Dudley Council launched a legal bid to reclaim land, in Hall Street, which had been earmarked for the site of a new multi-million pound mosque. The DMA had lost its initial appeal after its defence against the move was struck out at a hearing earlier this year at London’s High Court. But now the association has been granted the chance to mount a second appeal after Judge Sir Stephen Sedley ruled there is an ‘arguable’ case that Dudley Council may have committed an ‘abuse of power’ over its dealings with the association.
The case will be heard by a panel of three judges at the Court of Appeal in London at a date to be confirmed later this year. If the appeal is successful, the matter will then go to trial.

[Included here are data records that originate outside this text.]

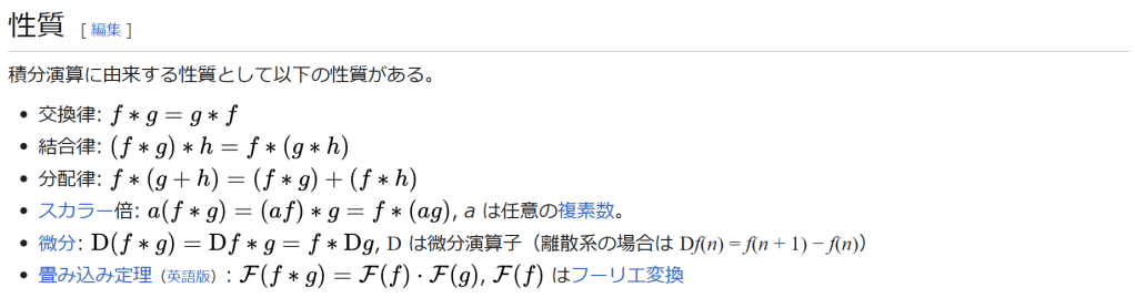 f ∗ D g {\displaystyle {\rm {D}}(fg)={\rm {D}}fg=f*{\rm {D}}g}, D は微分演算子(離散系の場合は Df(n) = f(n + 1) − f(n)) 畳み込み定理(英語版): F ( f ∗ g
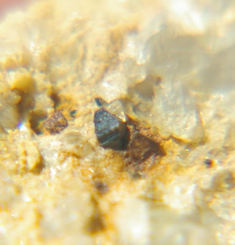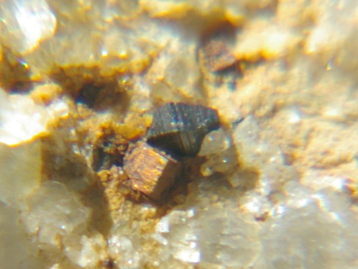 Les quartz sont piqués donc pas transparents, certains ont dessus, d'autre en inclusions, de l'anatase (si c'en est !) mais les pyramides sont toutes infra millimétriques et donc quasi invisible...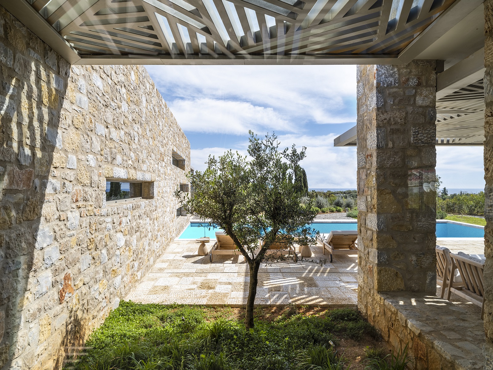 Τίτλος έργου: Villas in Olive Grove, Τυπολογία: Πολυτελείς τουριστικές κατοικίες | Αρχιτεκτονικός σχεδιασμός, Τοποθεσία: Navarino Residences – Μεσσηνία, Αρχιτεκτονική μελέτη: Potiropoulos+Partners, Κείμενο παρουσίασης: Potiropoulos+Partners, Φωτογραφίες: Γιώργης Γερόλυμπος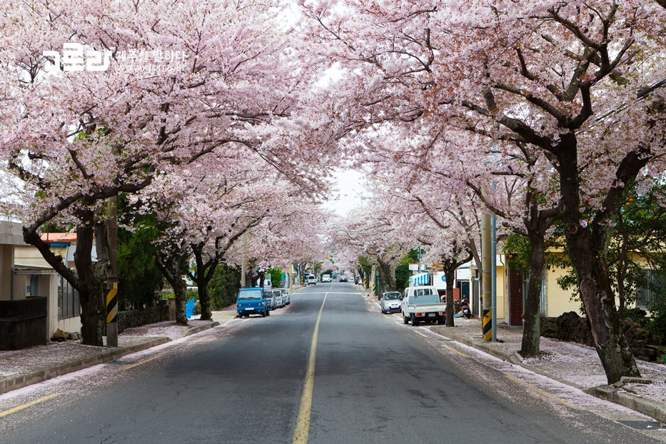 동백꽃으로 유명한 서귀포시 위미리. 그.런.데. 이곳은 사실 아는 사람만 안다는 벚꽃 명소라는 사실! 3월말이 되면 활짝 만개한 벚꽃나무들이 도로를 따라 늘어서는데요. 한가로운 위미마을의 정취와 꽃길이 어우러져 “봄이다!”라는 말이 절로 나온답니다.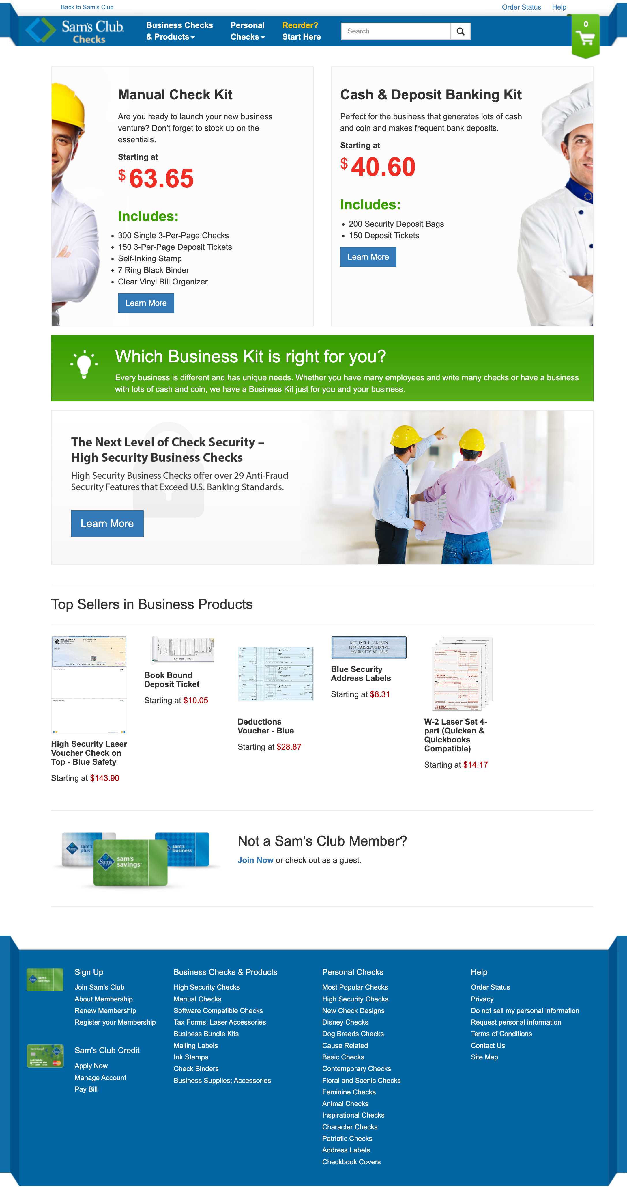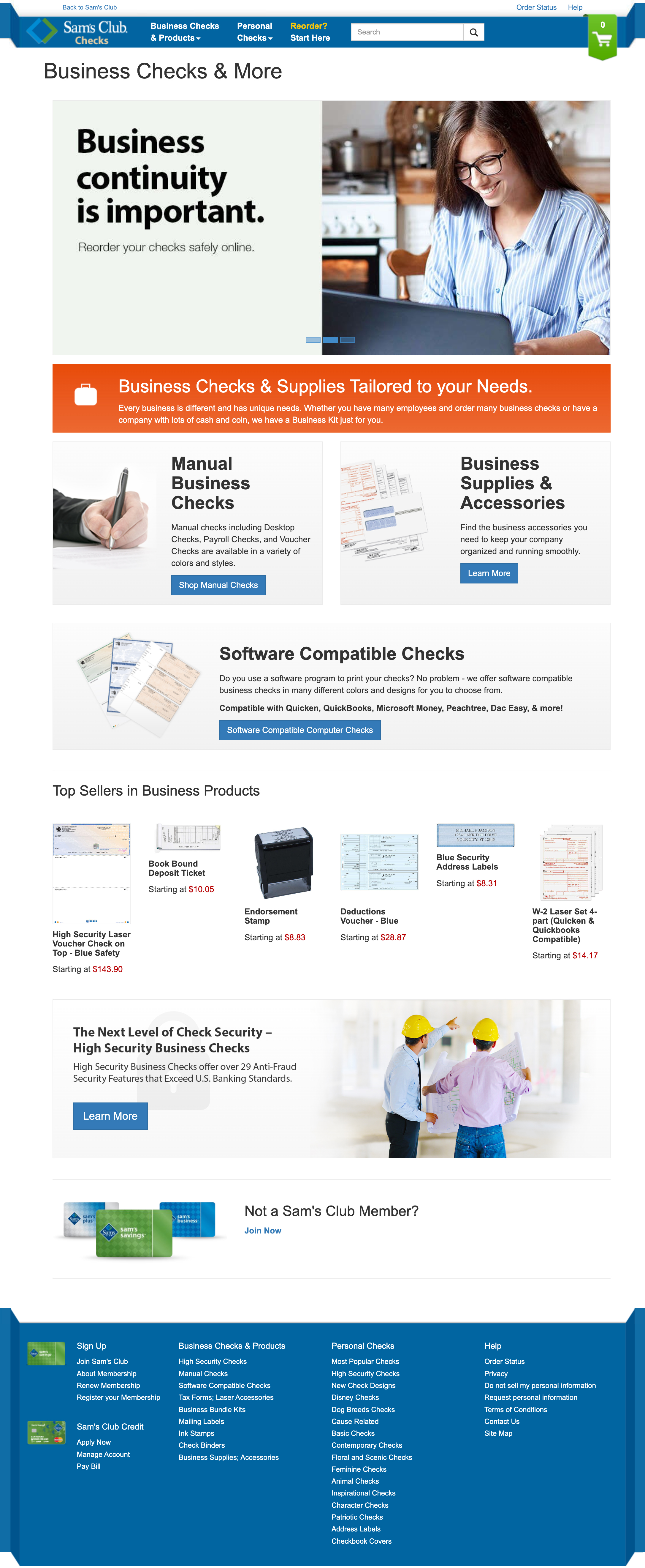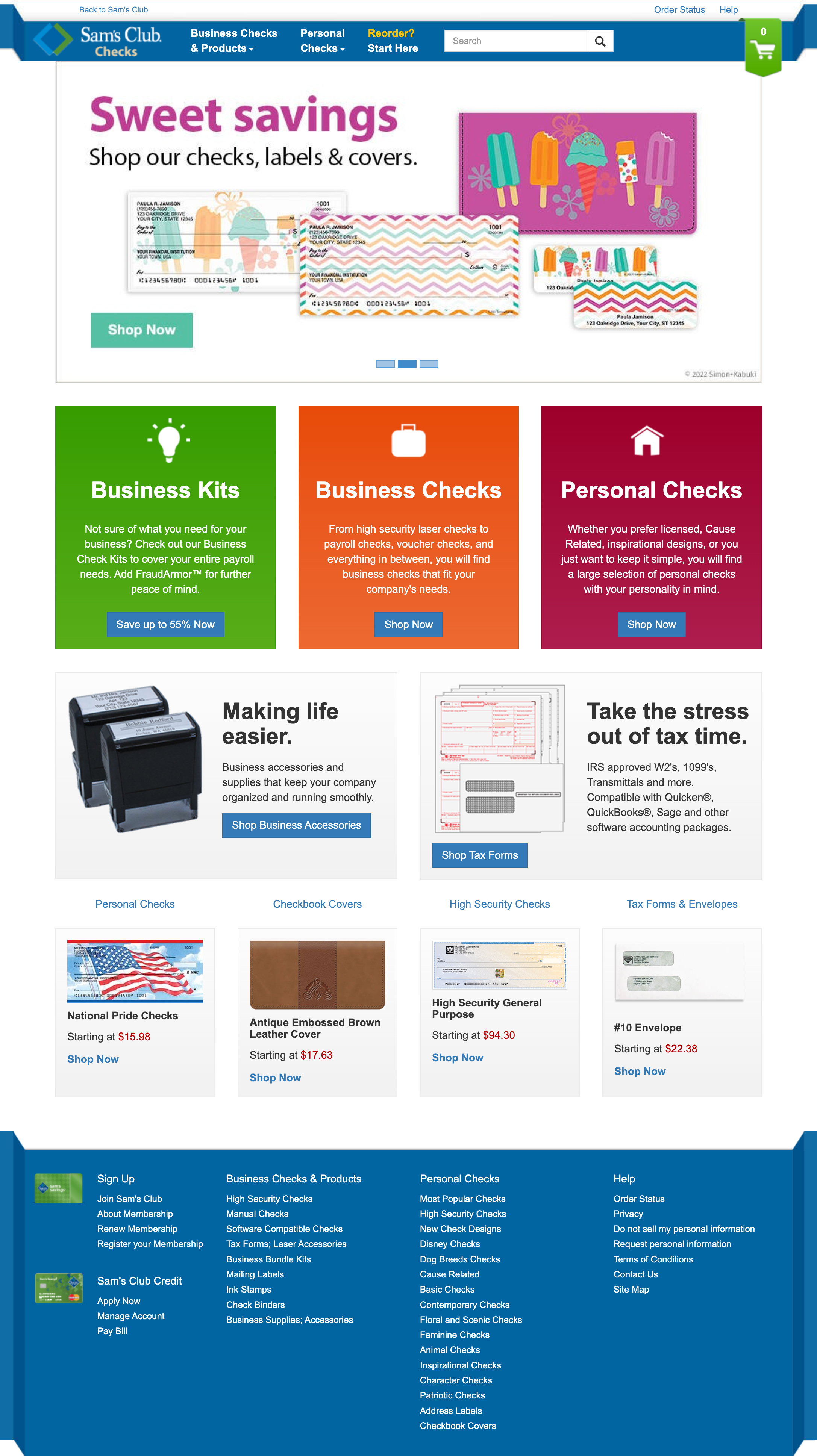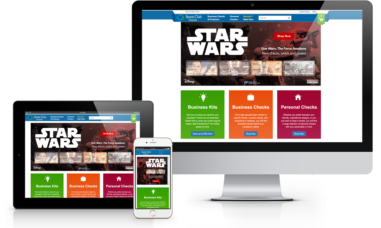 Complete redesign of private label website for client Sam’s Club Checks. Efforts included design system update to match client's re-brand, a responsive design, and a focus on new business products.

In a ruling in February, High Court Deputy Judge David Halpern QC upheld the decision to throw out plans for the new mosque. He said while the association may have been able to resist the council’s claim, it had failed to serve a ‘credible’ defence during the proceedings. But at court last week, Sir Stephen Sedley disagreed, finding the association had successfully pleaded in its defence that there was a so-called ‘legitimate expectation’ that the council would extend a deadline for the development.
Speaking in court last week, Sir Stephen Sedley said: “The association missed the deadline for completion of the mosque because the MBC [Dudley Council], which had set the deadline, had in practice made it untenable by a succession of steps it took in relation to planning consent.”
These steps he said were both ‘political’ – including asking the association to abandon its planning application pending local elections in case ‘political capital was made’ – and ‘substantive’, including ultimately refusing permission against its own officer’s advice and then seeking to challenge a Government inspector’s decision to grant consent on the association’s appeal.
The association has argued that it had a ‘legitimate expectation’, based on a September 2006 letter from the council’s then chief executive Andrew Sparke, that the council would set a later target date for the planning issues to be resolved.
Sir Stephen Sedley added: “There seems to me to be a two pronged case available to the Association on the pleadings and the uncontested evidence.
“First that there was a legitimate expectation that there would be an extension of a reasonable period of time to the initial deadline because of the events that had happened that had been the council’s responsibility.
“Second that it was an abuse of power to frustrate the legitimate expectation that would have arisen in the mind of not only the association but any rational observer that time would be extended. All of that seems to me to be arguable.”